Iran-based marketplace giant Divar says it has cut listing tariffs for selected ads by 10-28% under its dynamic pricing model, aiming to increase transaction success rates for users.

The ad registration fee for “ultra-luxury cars” in the autos vertical has been reduced by 10%, while tariffs for ten key job titles — previously in higher-priced categories — have been reduced by between 16% and 28%, according to the company’s news release.

The move follows tariff reductions in 47 product subcategories last year and is part of its ongoing strategy to improve engagement between advertisers and viewers, Divar said. It added that dynamic pricing adjusts fees proportionally to product type, value and supply-demand conditions, improving the likelihood of successful transactions and creating a better search experience for users.

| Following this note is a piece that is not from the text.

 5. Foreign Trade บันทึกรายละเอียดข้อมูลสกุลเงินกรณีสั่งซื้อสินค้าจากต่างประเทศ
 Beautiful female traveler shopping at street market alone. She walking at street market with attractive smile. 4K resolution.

“Its purpose is to better align fees with listing value”

Dynamic pricing now applies across all categories, with autos under the model for years and recruitment ads added earlier this year, Salar Seyedi, head of pricing at Divar, told the AIM Group.

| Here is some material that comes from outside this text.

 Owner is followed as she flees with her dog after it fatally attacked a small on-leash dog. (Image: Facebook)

“Dynamic pricing wasn’t introduced to boost revenue, but its purpose is to better align fees with listing value and improve marketplace outcomes,” he said.

“In the jobs category, our conservative expectation is a 4-5% uplift in published listings attributable to dynamic pricing. For other categories, the mechanism has been in place longer, so we don’t have a clean non-dynamic baseline for comparison.”

Divar.ir is Iran’s largest marketplace horizontal, with more than 46 million registered unique phone numbers. The company is owned by Hezardastan Group, which earlier this year sold its app store Café Bazaar to advertising agency Tapsell to concentrate on Divar.

In a survey conducted last year, secondhand clothing emerged as the most popular category on Divar, followed by mobile phones, furniture and accessories like bags and shoes.